例えば、Petという抽象クラスをPHPで書くと、この「ごちゃ混ぜ」が簡単に発生します。

<?php
// "Pet"という抽象クラス
abstract class Pet {
    // ① 汎化(抽象)の側面
    // 子クラスに「鳴く」という振る舞いを強制する
    abstract public function speak(): string;

    // ② 実装の再利用の側面
    // ★★★罠★★★
    // 「食べる」という共通の実装を、親クラス(抽象)が
    // 持ってしまっている。
    public function eat(): string {
        return "is eating standard food.";
    }
}

このコードでは、「抽象」であるはずのPetクラスが、「食べる」という 具体的な「実装」 を持ってしまっています。

これがなぜ最悪の密結合を引き起こすのか?

Owner(飼い主)がPet(抽象)に依存しているつもりでも、Petが持つeat()メソッド(実装)にも間接的に依存してしまうからです。

もしeat()の共通実装を変更したら、そのeat()を使っていたDogCat、そしてOwnerにまで影響が及ぶ可能性があります。


Go言語が選んだ「賢い分離」─ インターフェースとコンポジション

Goは、この継承の危険性を避けるため、古典的な継承が持っていた2つの役割を、言語レベルで強制的に分離しています。

1. 汎化(is-a) → interface が担当

Goのinterface純粋な「抽象」 です。

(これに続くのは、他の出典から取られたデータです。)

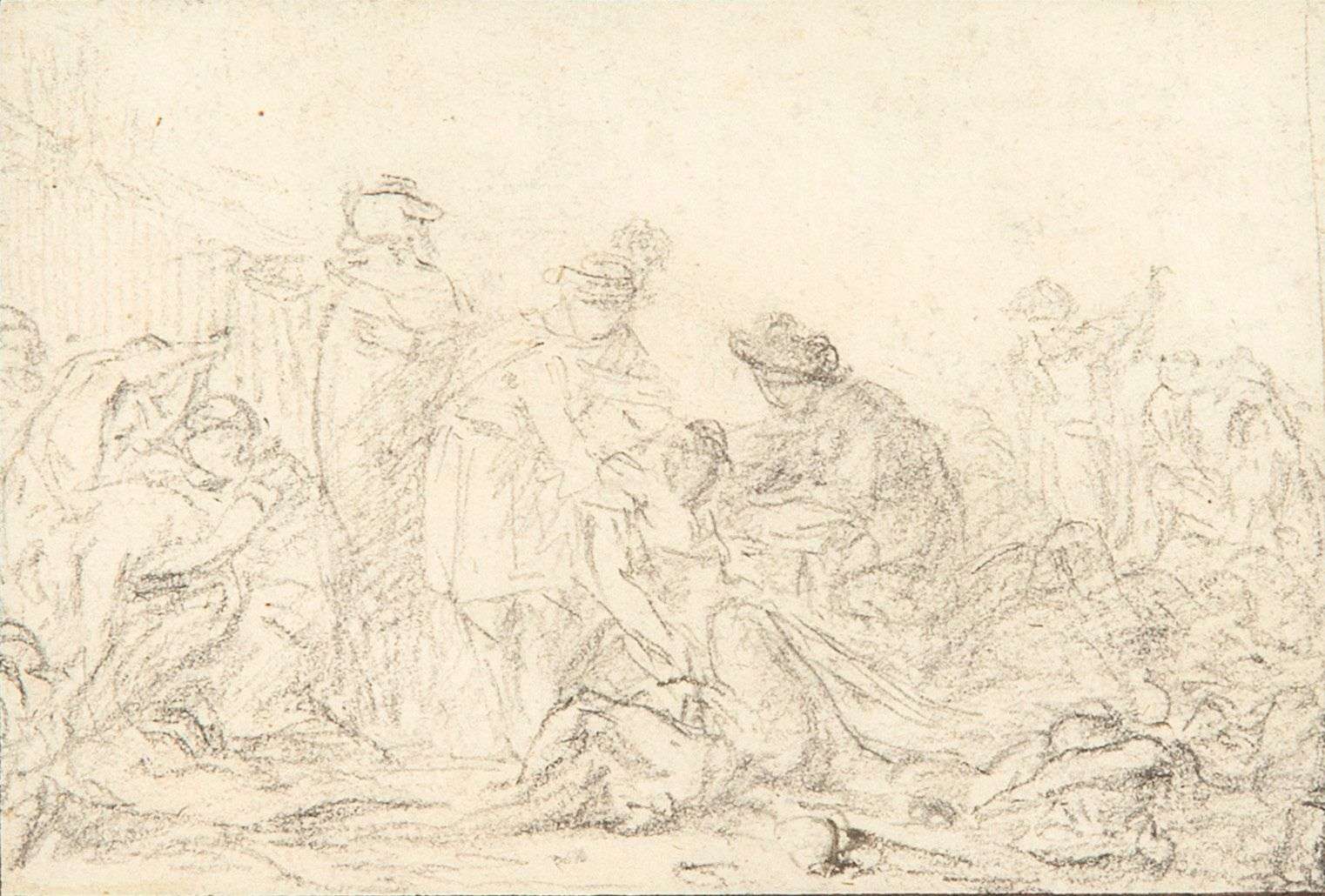 Plus connu comme dessinateur ornemaniste, Jean-Démosthène Dugourc se présente là où nous ne l'attendions pas en réalisant ces esquisses inspirées d'épisodes de l'Histoire de France. À l'instar de celles directement tirées de l'histoire henricienne (voir les oeuvres en rapport conservées au musée national du château de Pau), c'est de la vie de saint Louis (1214 - 1270) dont il s'agit ici.
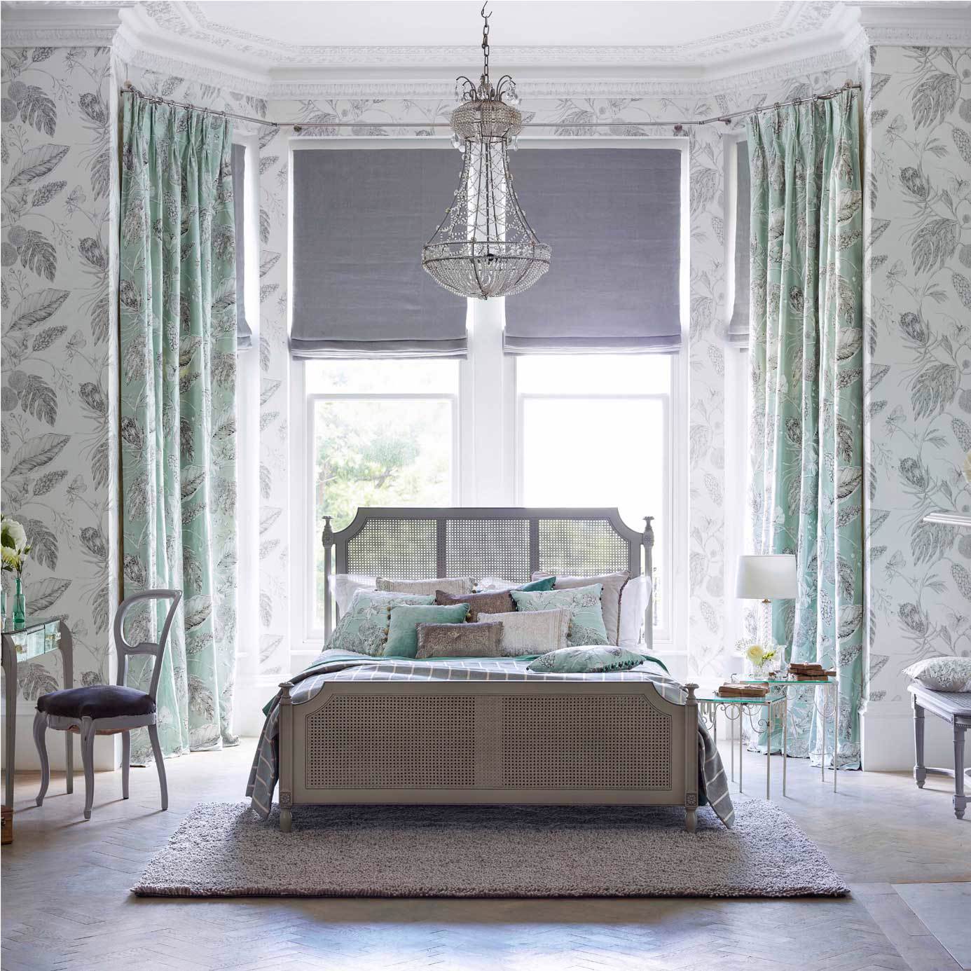 Palmetto Fabrics - Amborella Silk. A botanical vintage-style silk fabric design featuring delicately drawn butterflies, pinecones and exotic flowers. Elegant for blinds and drapes.

メソッドのシグネチャ(契約)しか定義できません。

PHPのabstract classのように、実装や状態(フィールド)を持つことができないため、「ごちゃ混ぜ」の発生のしようがないのです。

(Goのコード例:pet/pet.go)

package pet

// 「汎化」だけを担当する、純粋な「契約」
type Pet interface {
    Speak() string
    Eat()
}

2. コードの再利用(has-a) → コンポジション(埋め込み) が担当

一方で、純粋に「コードの再利用」がしたい時のために、Goはコンポジション(埋め込み)を用意しています。

これは「is-a(の一種だ)」ではなく、「has-a(を持っている)」という、より疎結合な関係性です。

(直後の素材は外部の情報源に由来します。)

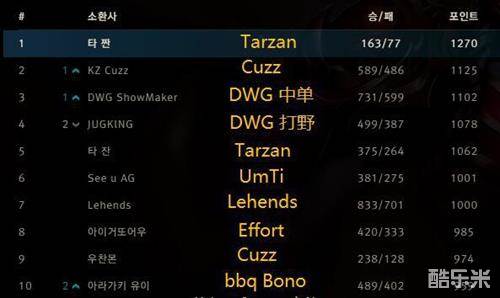 从上图中可以看出韩服前十的玩家中有七位打野位,极大的肯定了打野在上分中的很好效果与作用,给大家推荐这三位英雄的原因分别是:雷克塞作为胜率第一的英雄拥有很高的胜率保障,岩雀是版本连续几个版本的OP英雄胜率登场率很高,赵信简单易用很适合大众玩家的上分选择。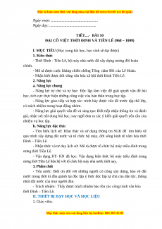 - Nhận biết được đời sống văn hóa xã hội thời Đinh Tiền Lê. 2. Năng lực a. Năng lực chung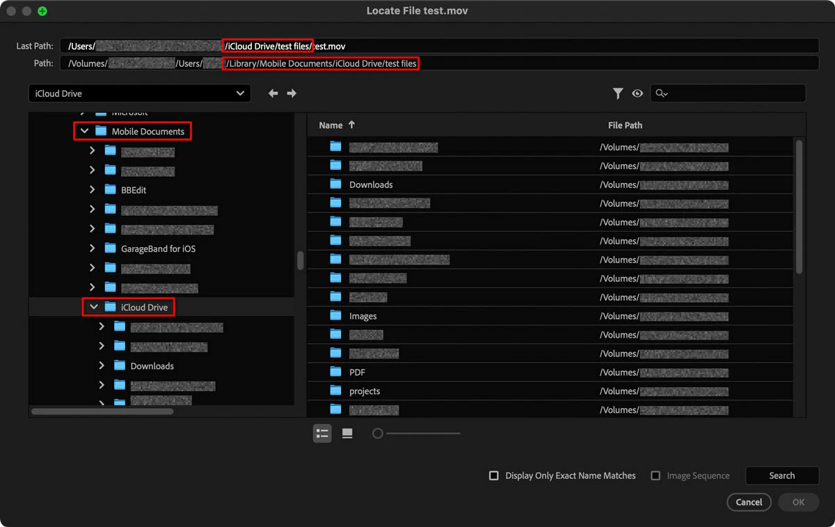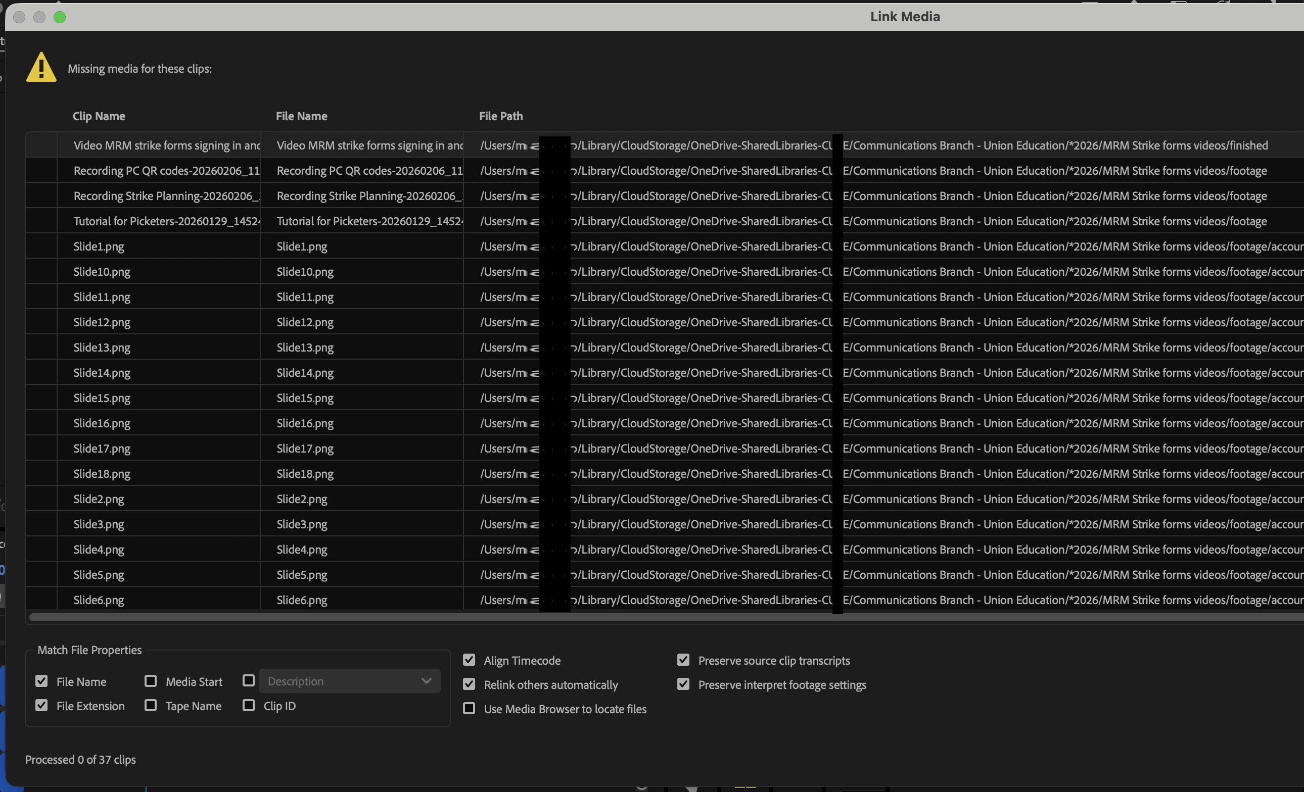 Premiere Pro's 'Link Media' panel can't access cloud storage on MacOS

(Goのコード例:behavior/common.go)

package behavior

// 「食べる」という「実装」だけを担当する「部品」
// Petインターフェースのことは何も知らない
type CommonEater struct {
    Name string
}

func (e *CommonEater) Eat() {
    fmt.Printf("%s is eating standard food.\n", e.Name)
}

Goによる「疎結合」な解決

この2つの道具(interfacecomposition)を組み合わせることで、PHPで密結合していた問題を、Goは以下のようにクリーンに解決します。

(Goのコード例:pets/dog.go)

package pets

import "example.com/pet"
import "example.com/behavior"

// Dogストラクト
type Dog struct {
    behavior.CommonEater // ② コードの再利用(has-a)
}

// ① 汎化(is-a)
// pet.Petインターフェースの「契約」を実装する
func (d *Dog) Speak() string {
    return "Woof!"
}

// Eat()の契約も、埋め込んだ部品が満たしてくれる

Ownerpet.Petインターフェースを使う時、OwnerPetという純粋な「抽象」にのみ依存します。

DogCatが、そのEatメソッドをどう実装しているか(CommonEaterを部品として使っているか、独自に実装しているか)を、Ownerは一切知る必要がありません。

Goは、言語の設計によって「汎化」と「実装の再利用」をごちゃ混ぜにすることを防ぎ、開発者に疎結合な設計を強制します。これこそが、Goが選んだ「賢い分離」なのです。